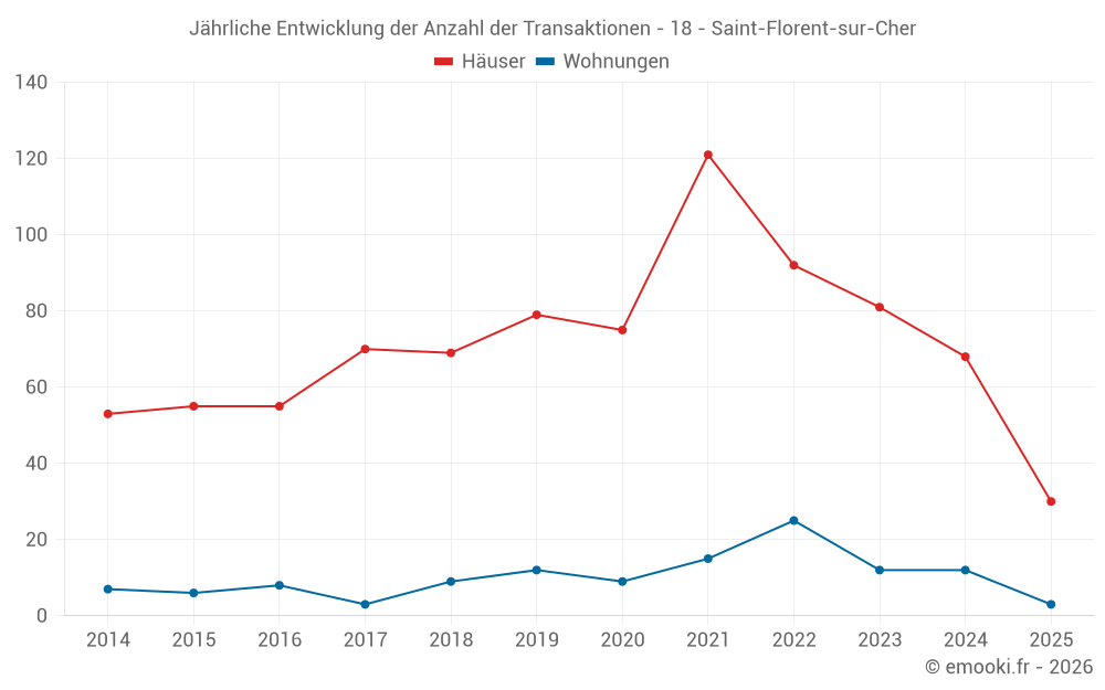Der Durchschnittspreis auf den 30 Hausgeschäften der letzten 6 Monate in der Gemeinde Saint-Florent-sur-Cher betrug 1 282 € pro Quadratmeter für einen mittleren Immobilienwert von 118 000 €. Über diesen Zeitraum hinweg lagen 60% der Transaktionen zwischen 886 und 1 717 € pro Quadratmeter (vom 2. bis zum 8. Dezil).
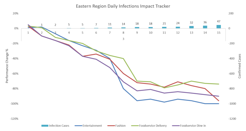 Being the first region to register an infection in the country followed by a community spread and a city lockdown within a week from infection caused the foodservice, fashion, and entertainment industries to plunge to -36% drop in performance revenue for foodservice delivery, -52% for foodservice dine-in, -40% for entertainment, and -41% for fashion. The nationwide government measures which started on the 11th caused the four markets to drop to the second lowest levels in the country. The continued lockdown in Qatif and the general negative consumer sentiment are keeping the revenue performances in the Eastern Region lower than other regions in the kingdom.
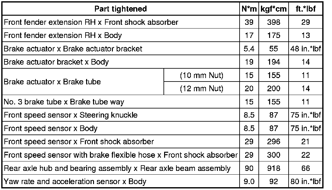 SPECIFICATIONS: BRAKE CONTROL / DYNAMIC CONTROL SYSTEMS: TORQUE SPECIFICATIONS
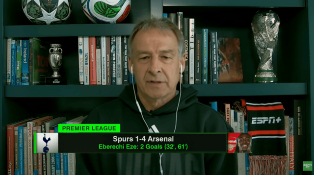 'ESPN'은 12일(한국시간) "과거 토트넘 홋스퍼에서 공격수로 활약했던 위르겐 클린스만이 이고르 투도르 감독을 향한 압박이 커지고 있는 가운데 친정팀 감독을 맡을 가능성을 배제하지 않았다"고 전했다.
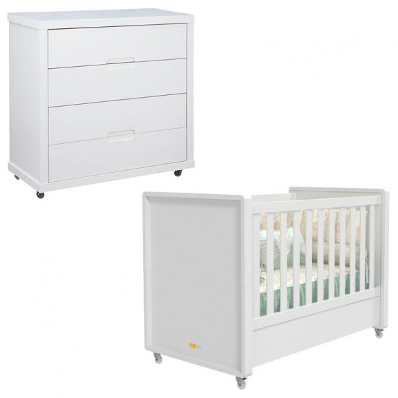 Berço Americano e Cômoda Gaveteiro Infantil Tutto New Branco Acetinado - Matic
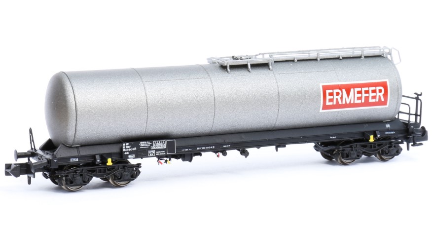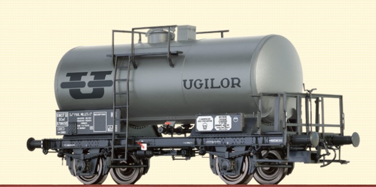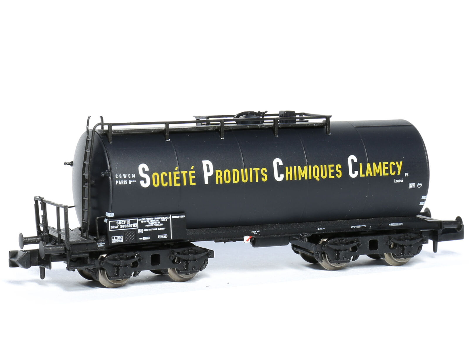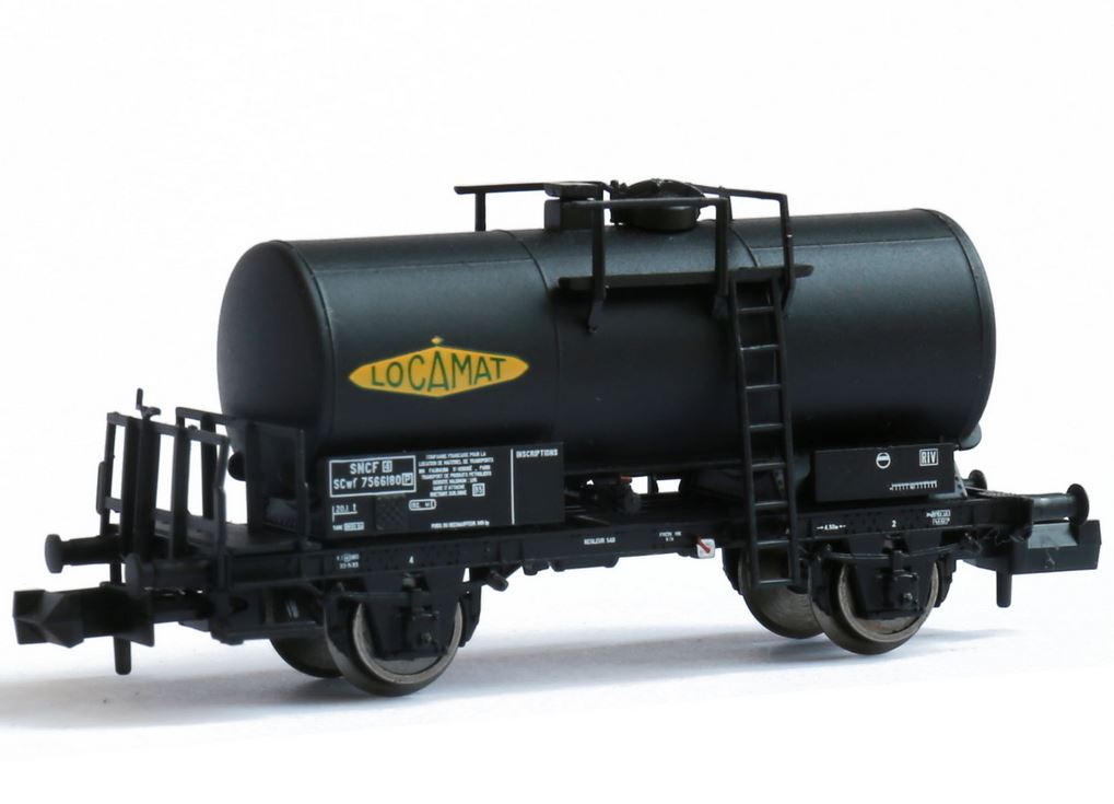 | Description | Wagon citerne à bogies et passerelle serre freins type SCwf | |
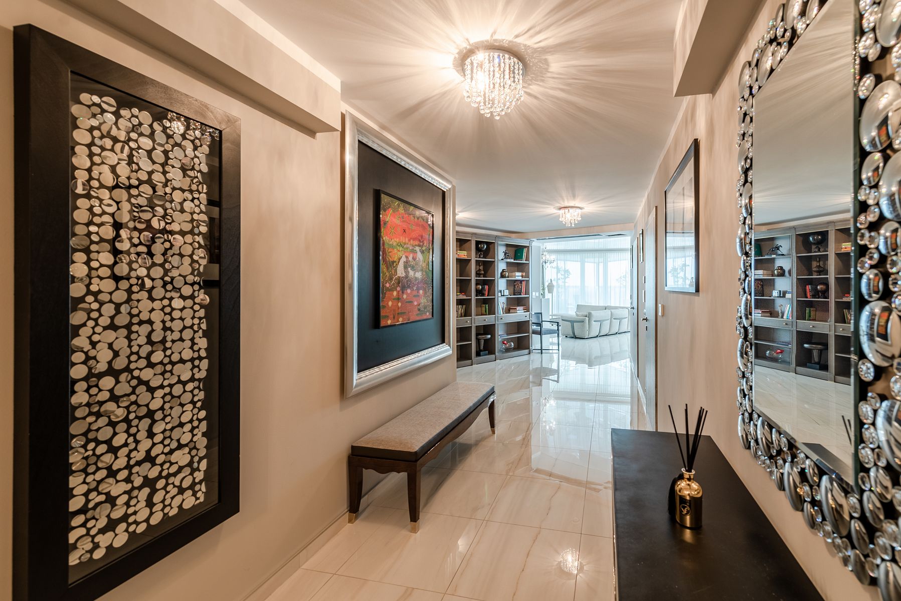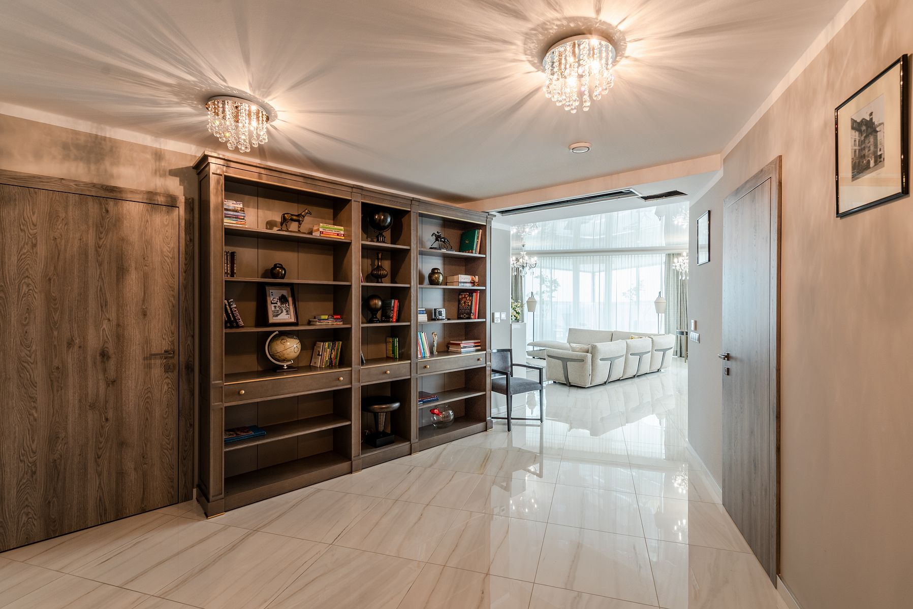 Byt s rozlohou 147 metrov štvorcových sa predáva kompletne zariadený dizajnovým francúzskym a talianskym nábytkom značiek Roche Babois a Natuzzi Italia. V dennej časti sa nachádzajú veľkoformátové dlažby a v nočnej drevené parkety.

++++++++++

Give the entries above again word for word, without the pictures.

Der Durchschnittspreis auf den 30 Hausgeschäften der letzten 6 Monate in der Gemeinde Saint-Florent-sur-Cher betrug 1 282 € pro Quadratmeter für einen mittleren Immobilienwert von 118 000 €. Über diesen Zeitraum hinweg lagen 60% der Transaktionen zwischen 886 und 1 717 € pro Quadratmeter (vom 2. bis zum 8. Dezil).
 Being the first region to register an infection in the country followed by a community spread and a city lockdown within a week from infection caused the foodservice, fashion, and entertainment industries to plunge to -36% drop in performance revenue for foodservice delivery, -52% for foodservice dine-in, -40% for entertainment, and -41% for fashion. The nationwide government measures which started on the 11th caused the four markets to drop to the second lowest levels in the country. The continued lockdown in Qatif and the general negative consumer sentiment are keeping the revenue performances in the Eastern Region lower than other regions in the kingdom.
 SPECIFICATIONS: BRAKE CONTROL / DYNAMIC CONTROL SYSTEMS: TORQUE SPECIFICATIONS
 'ESPN'은 12일(한국시간) "과거 토트넘 홋스퍼에서 공격수로 활약했던 위르겐 클린스만이 이고르 투도르 감독을 향한 압박이 커지고 있는 가운데 친정팀 감독을 맡을 가능성을 배제하지 않았다"고 전했다.
 Berço Americano e Cômoda Gaveteiro Infantil Tutto New Branco Acetinado - Matic
 | Description | Wagon citerne à bogies et passerelle serre freins type SCwf | |
 Byt s rozlohou 147 metrov štvorcových sa predáva kompletne zariadený dizajnovým francúzskym a talianskym nábytkom značiek Roche Babois a Natuzzi Italia. V dennej časti sa nachádzajú veľkoformátové dlažby a v nočnej drevené parkety.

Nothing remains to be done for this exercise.